Paranoia policial na literatura periférica e o direito de ir e vir

Contra-capa de O Sol na Cabeça - Fotografia

Poucas são as vezes que a literatura manifesta a violência policial e o cerceamento dos direitos plenos de cidadania às pessoas periféricas. Em especial, essas repressões podem ser apresentadas como a delimitação dos desejos de ir e vir a determinadas localidades geográficas, e até mesmo a violência policial. Quase sempre esse desejo pode ser delimitado de acordo com a ordem vigente na sociedade ou mesmo por aqueles que acreditam deter o controle sobre quem pode e quem não pode ir e vir.

Neste texto, abordaremos exclusivamente a paranoia policial, enquanto delírio persecutório a um personagem, em um conto de Geovani Martins, do livro O Sol na Cabeça de 2018. Rolézim, é o primeiro capítulo que dá inicio ao livro, e neste o autor vai narrar sua descida a praia do Rio e como as relações sociais se desencadeiam durante seu período por lá. No conto, somos transportados diretamente para sua realidade, e para quem não pertence ou nunca viveu em uma favela é quase difícil de decifrar o que o autor quer dizer. Essa incapacidade da linguagem não se dá mediante o fazer da escrita e a qualidade da mesma, mas pela escolha da narração e as palavras utilizadas, entre elas, algumas que dizem respeito a gírias e até mesmo expressões genuinamente da periferia.

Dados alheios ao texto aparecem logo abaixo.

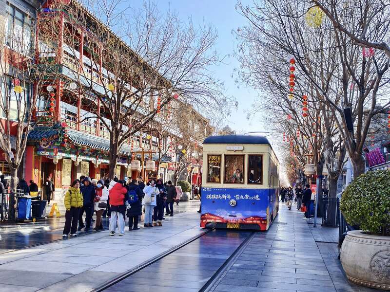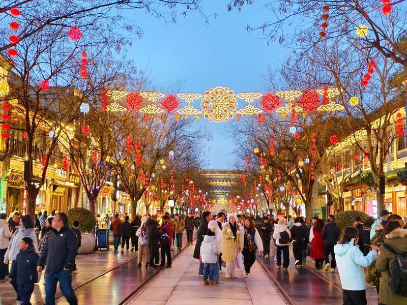 中国青年报客户端讯(中青在线记者 张胶 郭艳丽)2月2日,北京前门大街及鲜鱼口胡同张灯结彩,市民与游客穿梭其间赏灯逛市,沉浸式感受地道的京城新春氛围。
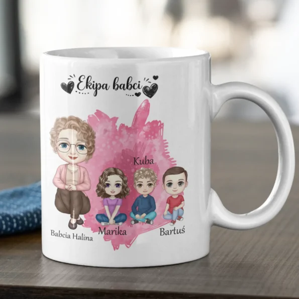 Kubek dla babci- Ekipa babci 1-6 wnuków- Personalizowany - Prezent dla babci #030

Após a descida do personagem à praia, o primeiro confronto ali encontrado se dá entre eles e a ordem policial vigente, que delimita certos anseios dos mesmos, enquadrando suas liberdades individuais. O segundo confronto se dá entre o personagem e a observação de rapazes, que não pertencentes a seu grupo social se fazem distantes de sua realidade (mais ricos em relação a eles), no entanto são preferidos justamente por sua classe social e até mesmo por conta do status que ocupam naquele espaço. O desenlace para o confronto se dá por conta do roubo de uma mochila por garotos mais novos ao grupo de playboys (expressão do autor) na praia. Esse confronto faz com que Geovani tenha de se deparar com uma abordagem policial quando está indo para sua casa e os mesmos meninos que haviam cometido o furto estão sendo revistados, porém no mesmo momento é obrigado a parar, e desta forma é condenado sem nem quer haver provas evidentes de qualquer crime por parte dele.

(MARTINS, 2018, p. 15) – Imagem: Reprodução

 

O crime delatado advém do pré-conceito determinado pelo policial ao jovem simplesmente por conta de uma abordagem que não leva em consideração sua presunção de inocência; mas, apresenta sobre o mesmo a culpabilidade de um crime simplesmente pelo não cumprimento de medidas paranoicas estipuladas pelo agente. Desta forma, o profissional deixa velado sua inclinação a punir o pedestre e condená-lo por não estar com o dinheiro da passagem ou mesmo portar mais que o valor necessário. Ademais, podemos notar que a pretensão no conto se dá justamente para trazer à tona essa denúncia que denuda toda e qualquer imagem de justiça nas favelas, revelando, ainda, que o objetivo dessa forma de justiça é buscar uma higienização e apagamento dos corpos daqueles que se sentem no direito de questionar a situação. (BATISTA, 2019, p. 7).

 

Referências Bibliográficas

MARTINS, Geovani. Rolézim. In: O Sol na cabeça. São Paulo: Companhia das Letras, 2018.

BATISTA, P. R. S. B. Sol na Encruzilhada. In: A Imagem e o Som nos Corpos Mudos. São Paulo: Academia.edu, p. 3-7, dezembro de 2019.